======== Source data ========

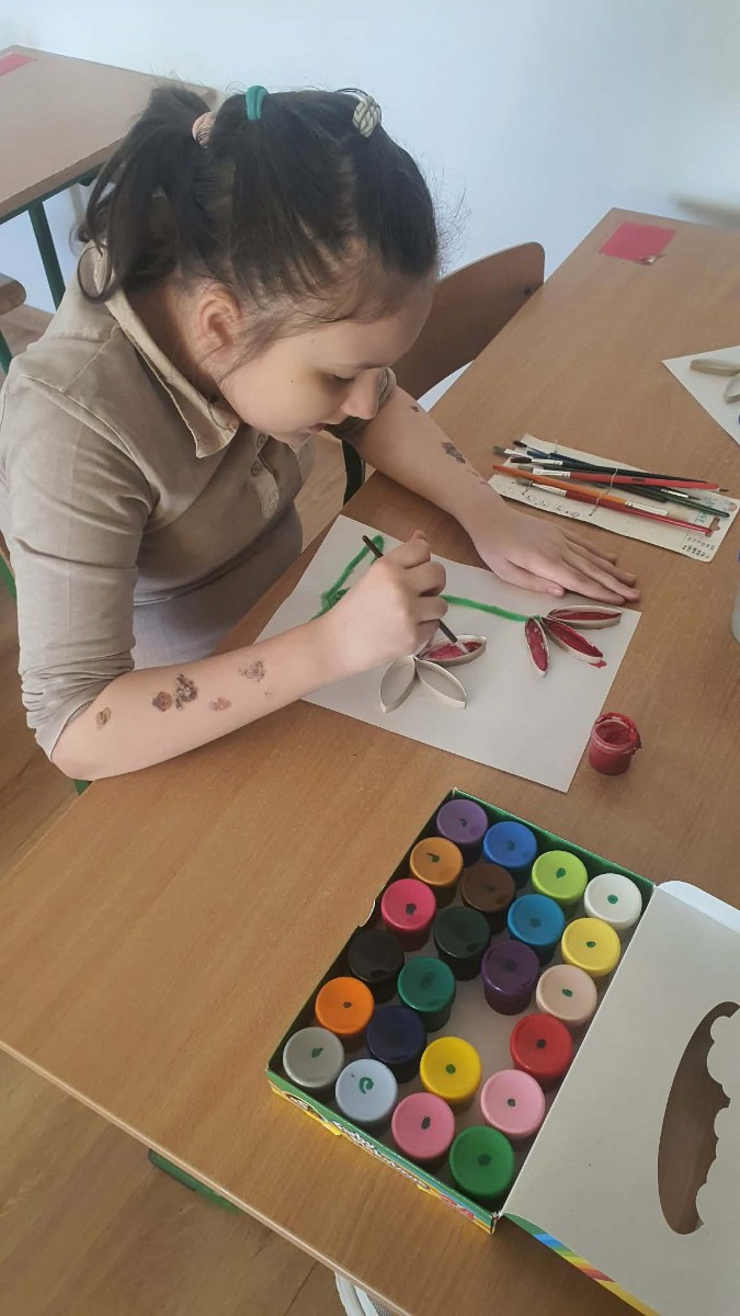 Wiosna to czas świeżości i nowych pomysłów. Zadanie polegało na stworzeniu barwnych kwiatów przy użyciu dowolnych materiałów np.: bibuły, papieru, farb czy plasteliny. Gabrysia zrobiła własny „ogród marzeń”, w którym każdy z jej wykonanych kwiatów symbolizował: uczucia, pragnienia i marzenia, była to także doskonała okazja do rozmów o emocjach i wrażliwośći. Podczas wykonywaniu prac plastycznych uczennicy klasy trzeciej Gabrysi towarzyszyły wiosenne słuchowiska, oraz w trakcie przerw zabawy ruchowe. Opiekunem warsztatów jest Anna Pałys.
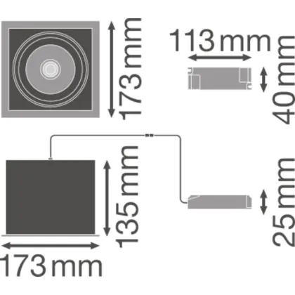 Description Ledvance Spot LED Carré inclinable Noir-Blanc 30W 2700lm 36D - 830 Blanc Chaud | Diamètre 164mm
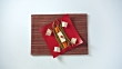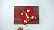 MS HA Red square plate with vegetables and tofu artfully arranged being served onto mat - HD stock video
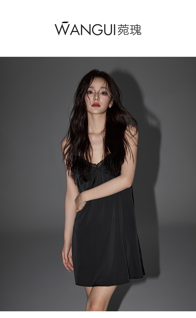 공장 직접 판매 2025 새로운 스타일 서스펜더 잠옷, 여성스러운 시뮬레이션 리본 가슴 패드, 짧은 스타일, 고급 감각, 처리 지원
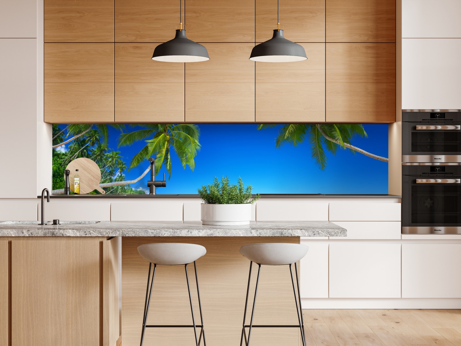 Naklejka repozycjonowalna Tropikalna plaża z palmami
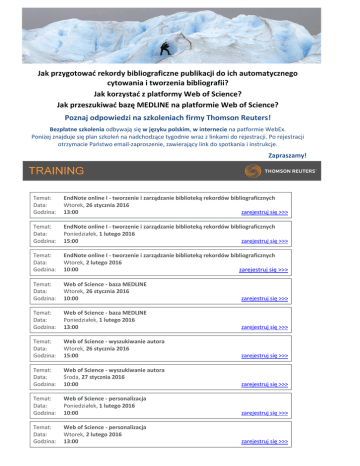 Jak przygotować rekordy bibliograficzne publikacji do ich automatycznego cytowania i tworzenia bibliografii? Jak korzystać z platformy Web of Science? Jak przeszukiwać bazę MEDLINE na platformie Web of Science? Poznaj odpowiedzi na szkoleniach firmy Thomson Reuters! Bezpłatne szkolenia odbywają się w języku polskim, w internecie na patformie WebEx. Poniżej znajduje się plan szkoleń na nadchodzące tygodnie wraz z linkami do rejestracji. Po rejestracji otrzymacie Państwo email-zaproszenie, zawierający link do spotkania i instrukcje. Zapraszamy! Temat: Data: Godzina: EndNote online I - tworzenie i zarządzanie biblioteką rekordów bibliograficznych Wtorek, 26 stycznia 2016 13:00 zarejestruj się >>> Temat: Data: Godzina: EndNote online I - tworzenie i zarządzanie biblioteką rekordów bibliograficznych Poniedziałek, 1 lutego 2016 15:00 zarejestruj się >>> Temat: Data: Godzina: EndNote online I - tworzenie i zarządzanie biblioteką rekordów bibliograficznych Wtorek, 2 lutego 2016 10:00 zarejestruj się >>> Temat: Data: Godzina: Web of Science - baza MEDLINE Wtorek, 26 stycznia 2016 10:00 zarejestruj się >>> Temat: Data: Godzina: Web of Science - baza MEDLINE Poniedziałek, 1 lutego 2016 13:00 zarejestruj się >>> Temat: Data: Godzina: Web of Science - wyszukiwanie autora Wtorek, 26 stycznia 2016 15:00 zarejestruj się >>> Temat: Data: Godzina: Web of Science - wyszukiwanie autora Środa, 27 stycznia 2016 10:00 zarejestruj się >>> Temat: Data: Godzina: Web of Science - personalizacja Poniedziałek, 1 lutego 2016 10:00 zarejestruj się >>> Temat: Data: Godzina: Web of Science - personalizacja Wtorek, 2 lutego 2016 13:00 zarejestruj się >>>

========

◆ Description of the task:
Copy exactly, without pictures, the lines above from the one with "공장 직접 판매 2025" down to the one with "Naklejka repozycjonowalna Tropikalna", inclusive.

◆ Reply:
 공장 직접 판매 2025 새로운 스타일 서스펜더 잠옷, 여성스러운 시뮬레이션 리본 가슴 패드, 짧은 스타일, 고급 감각, 처리 지원
 Naklejka repozycjonowalna Tropikalna plaża z palmami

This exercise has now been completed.